Brexit fears hit Shareholder Rights Directive

Experts consider what UK withdrawal from the EU could mean for European corporate governance reforms.

Britain needs to continue to play an active role on the global stage on stewardship and shareholder rights, despite the uncertainty triggered by UK’s Brexit vote and its impact on a raft of EU legislation including the Shareholder Rights Directive.
The latest revision to the Shareholder Rights Directive which aims at improving transparency and corporate governance for listed companies within the EU, is currently still at the trialogue stage involving negotiations between the European Commission, Parliament and country representatives. It was expected to come into force later this year.
“The UK’s voice in global markets on stewardship and shareholder rights reform is crucial and the UK still has to participate because this is a key investor risk issue,” says Sarah Wilson, CEO of governance research service Manifest.
The original Shareholders Rights Directive was first introduced in 2007, with amendments in 2010. The latest directive proposes shareholder identification as a right for companies, instead of a service provided by intermediaries, simplification of the control of related party transactions and improvements on the provisions on directors’ remuneration. It also calls for listed companies to disclose information on a country-by-country basis.
Another key provision is to encourage long-term shareholder engagement including engagement of asset managers with companies in which they invest.
The amendments, which were passed by the European Parliament in July 2015, came after earlier proposals were significantly watered down, with a key proposal calling for a binding vote on pay modified to allowing member states to decide if shareholder votes on pay should be binding or advisory. Mandatory employee consultation on executive pay proposals was also excluded.“The simple fact is that the corporate world has been better at lobbying than investors and a lot of what happens in Brussels does depend on lobbying activity,” says Paul Lee, head of corporate governance at Aberdeen Asset Managers. Lee says there was a worry that following Brexit, UK investors would struggle to make their voices heard: “So far, UK investment firms have been the ones who have been most active in pressing for improved shareholder rights and with our views becoming devalued there probably is more scope for the corporate voice to dominate on these issues. The Shareholder Right Directive is the most immediate issue but there are a broader range of issues and although UK investors will remain investors in European companies, it will be much harder to make our points of view heard.”
However David Styles, director of corporate governance at the Financial Reporting Council (FRC), says the UK’s corporate governance framework is well-respected internationally and will remain so: “Leaving the EU means we have to keep a strong focus on making the UK a place where people want to invest,” he added.
Manifest’s Wilson points out that much of what the Directive is now proposing has already been in place in the UK. For example, the binding vote on remuneration was introduced in 2013. UK companies are also obliged to report on whether they have consulted employees on directors’ pay. The maximum amount expected to be paid out to individual executive directors under shareholder approved remuneration policy must also be disclosed by UK companies: “The UK’s position on corporate governance has often been viewed with suspicion by parts of Europe which call it ‘Anglo-Saxon capitalism’. But this is misunderstanding the UK’s position which is not solely about maximising shareholder return, but rather about promoting the success of the company by taking into account a huge range of factors and treating them fairly,” Wilson said.
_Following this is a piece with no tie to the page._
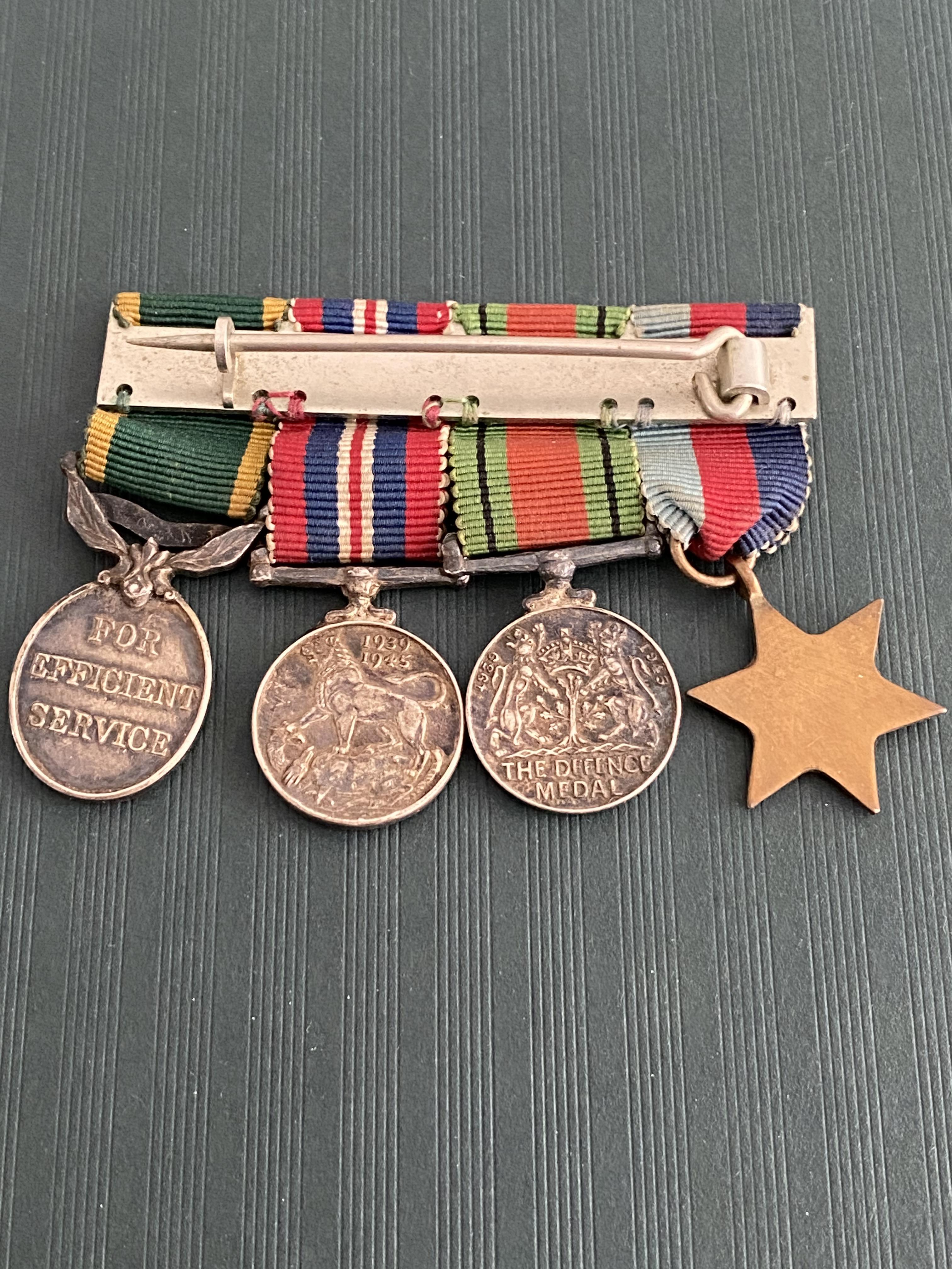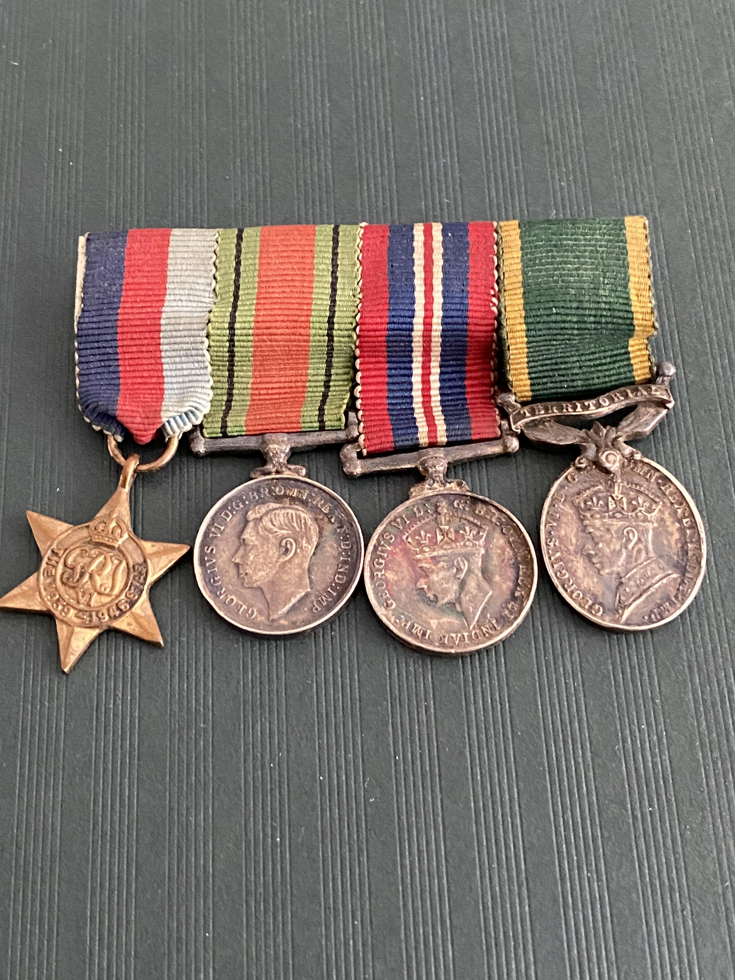 Group of 4 - Miniatures - Mounted On Bar. 1939/45 Star - Defence Medal - War Medal - Territorial Efficiency Medal

Aberdeen’s Lee noted that with all amendments and redrafts, the current version of the Directive had only a “few bits” on shareholder rights, while shareholder responsibilities made up the rest of it.
“It’s ironic that the directive that has the name is already more about something else and potentially will head further in that direction,” he added.
However, FRC’s Styles said the “broad-ranging directive” would help improve corporate governance in Europe, pointing to the new disclosure requirements for asset managers and institutional investors which would oblige EU members to introduce a stewardship code in some form.
In the UK, the FRC introduced the Stewardship Code in 2010 to improve the quality of engagement between asset managers and companies.
As part of the revised Directive, asset managers and institutional investors will be required to develop and disclose, on a “comply or explain” basis, a policy on how they exercise voting rights and engage as shareholders in companies they invest in.
While institutional investors will be required to publicly disclose certain aspects of their arrangements with asset managers, asset managers in turn will be required to disclose their portfolio turnoverlevels and whether their investment strategy is based on medium-to-long term performance of the companies invested in.

Key dates of the Shareholder Rights Directive

  • 2007: Original Shareholder Right Directive launched
  • 2010: Amendments to Shareholder Rights Directive
  • April 2015: Proposal by the European Commission for revised Directive
  • May 7, 2015: European Parliament’s JURI Committee approves an amended text of the Commission’s proposal by a 13 – 10 majority
  • July 8, 2015: The European Parliament votes on the proposal with amendments to the text approved by JURI.